As of March 31, 2005, the Company had 28.3 million shares of common stock outstanding and total stockholders’ equity of $19.7 million. The Company completed the quarter with $945,000 borrowed against its $5.0 million line of credit.
Guidance: For the 2006 fiscal year, the Company expects sales to increase a minimum of 10%. Margin and operating expenses should be in the normal range, based on historical trends and the projected growth. However, we do expect R&D to increase by approximately 25% and expect the cost of Sarbanes-Oxley compliance to be between $300,000 and $500K. Management anticipates an increase in the royalty revenues derived from AutoVueTM.
Recent Operational Highlights included:
• On May 3, 2005, the Company announced its AutoVueTM LDW systems were introduced on the all-new 2006 Infiniti M35 and M45 luxury sedans at 172 dealerships nationwide. LDW is being offered as part of the Technology Package on the M35 and M45 sedans which historically has a high take up rate.
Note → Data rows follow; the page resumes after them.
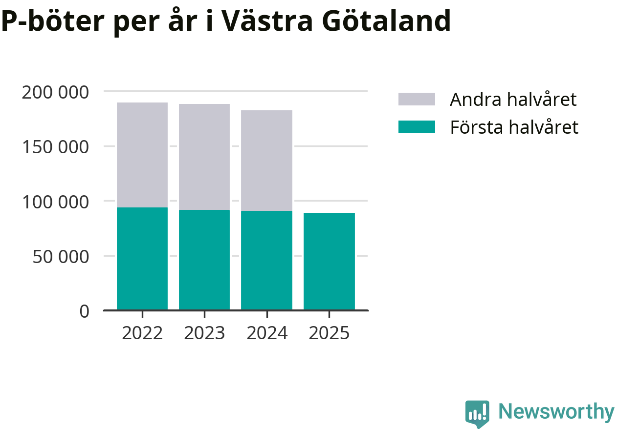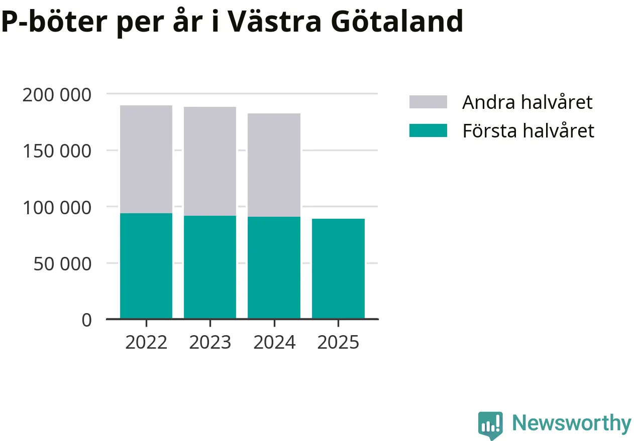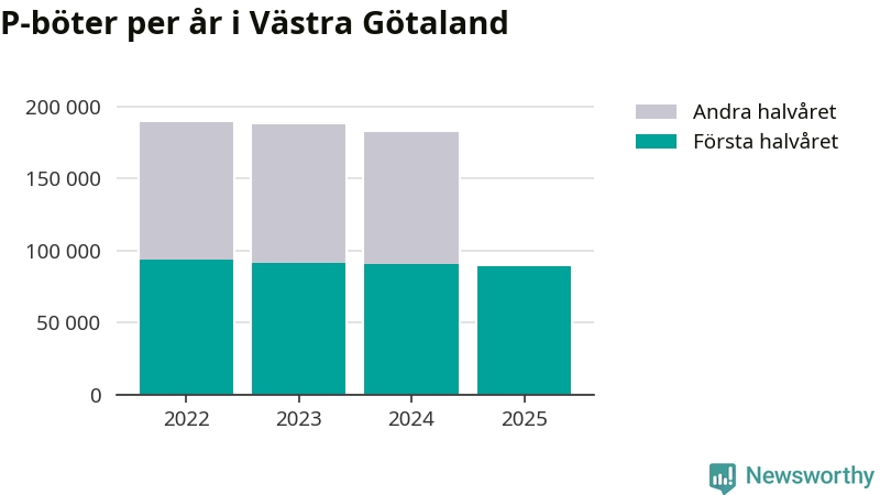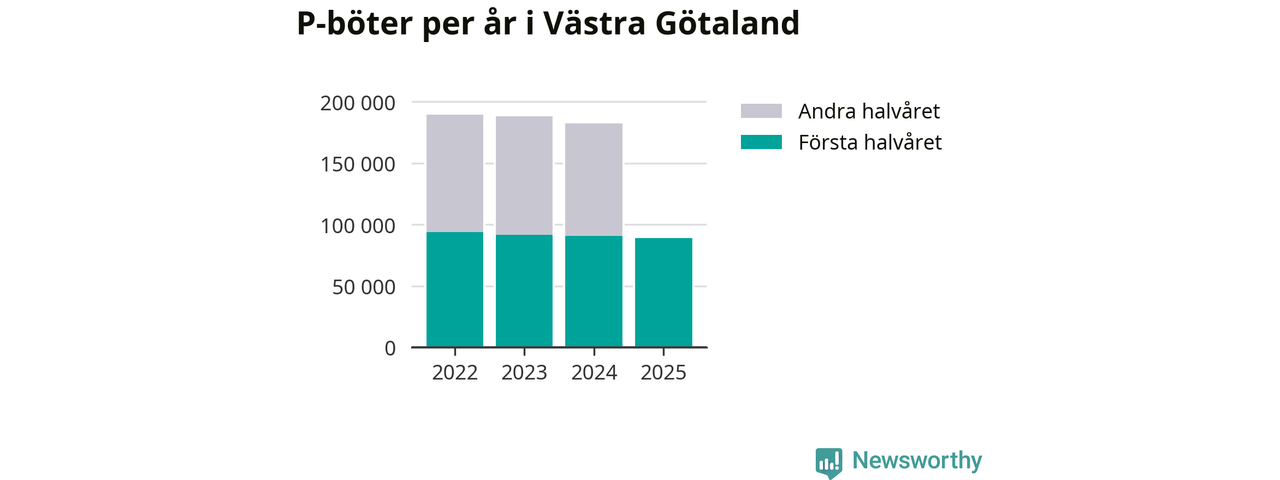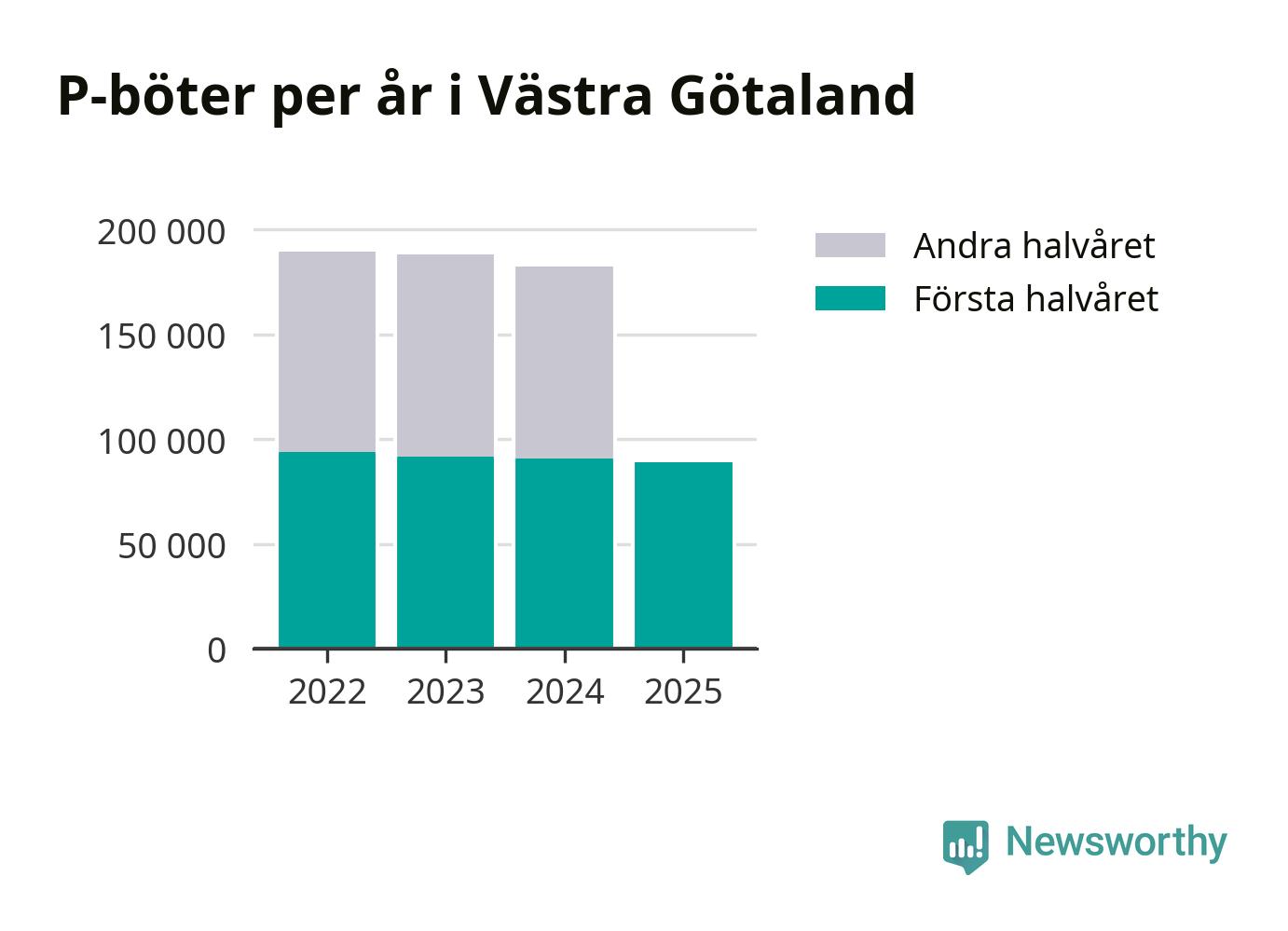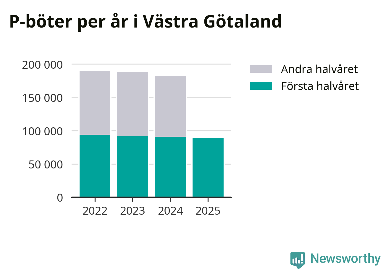 Totalt, från 1 januari 2022 till och med juni 2025, rör det sig om 649 478 parkeringsförsyndelser med ett totalt bötesbelopp på omkring 428,3 miljoner kronor i länet, visar Newsworthys genomgång av kommunernas parkeringsanmärkningar i Transportstyrelsens databas. Flest parkeringsanmärkningar i Västra Götaland har delats ut i Göteborg under de senaste tre och ett halvt åren.
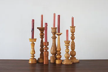 Questo set di portacandele scandinavi in legno è un perfetto esempio della semplicità e della bellezza naturale che caratterizzano il design scandinavo. Realizzati in legno, spesso di specie leggere come la quercia, il faggio o il pino, questi candelieri emanano calore e intimità, adattandosi perfettamente all'estetica minimalista del Nord. La loro forma è solitamente semplice e geometrica, il che li rende adatti a molti interni, sia moderni che tradizionali. Spesso sono progettati per esporre la struttura naturale del legno: le venature e la consistenza visibili conferiscono loro un carattere unico. Una caratteristica distintiva di questi portacandele è la loro capacità di creare un'atmosfera accogliente, soprattutto se abbinati alla calda luce delle candele. Il materiale ligneo si sposa perfettamente con il resto dell'arredamento scandinavo, che privilegia la semplicità, la funzionalità e la vicinanza alla natura. Questo set può essere un perfetto accento su un tavolo, una cassettiera o una mensola, portando un'atmosfera di pace e armonia all'interno. I candelieri scandinavi in legno, grazie alla loro forma universale, possono essere una decorazione discreta, che allo stesso tempo ha una funzione pratica. Conservati in condizioni originali. L'altezza dei candelieri varia da 34 cm a 20 cm - il diametro della base da 4,3 cm a 12 cm.
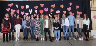 Wie sehr ihnen die neue Schulleiterin am Herzen liegt, das machten die Mitwirkenden durch Lieder, Musik und gute Wünsche deutlich. Durch das bunte Programm führten hierbei Miriam Becker (Lehrkraft) und Lilli Schmidt (Schülersprecherin). Darüber hinaus hatten sich die Schülerinnen und Schüler etwas Besonderes überlegt und in der ganzen Schule rote Herzen mit guten Wünschen für Monika Wagner verteilt. Dass dieser Tag der neuen Schulleiterin lange in Erinnerung bleiben wird, dazu trugen auch die Geschenke der Kinder bei. Sie überreichten ein tolles Bild mit ihren Fingerabdrücken. Hilfreich in ihrem zukünftigen Amt wird sicher auch das eigens angefertigte Buch sein, das den Titel „Was macht/darf eine Schulleitung“ trägt. Hierzu hatten die Kinder sich Gedanken gemacht. Zu den Antworten zählen unter anderem: „Wichtige Entscheidungen treffen, viel Computer spielen und Probealarm, wann immer Frau Wagner will“, was die neue Schulchefin beim Vortragen schmunzeln ließ.

• The Company recorded its first royalty revenue from shipments of LDW systems to the passenger car market during the fourth quarter ended March 31, 2005.
• On April 21, 2005, the Company announced its AutoVueTM business unit secured two major contracts with a European and an Asian commercial truck manufacturer which will both offer LDW systems in their heavy commercial trucks.
• AutoVueTM LDW systems sales increased 107.9 percent in the heavy truck market in the quarter compared to the fourth quarter of the prior fiscal year and are up 87.4 percent for the twelve month period ended March 31, 2005 compared to the prior fiscal year.
• Testing of LDW continues with 35 heavy truck fleets representing potentially 70,000 vehicles.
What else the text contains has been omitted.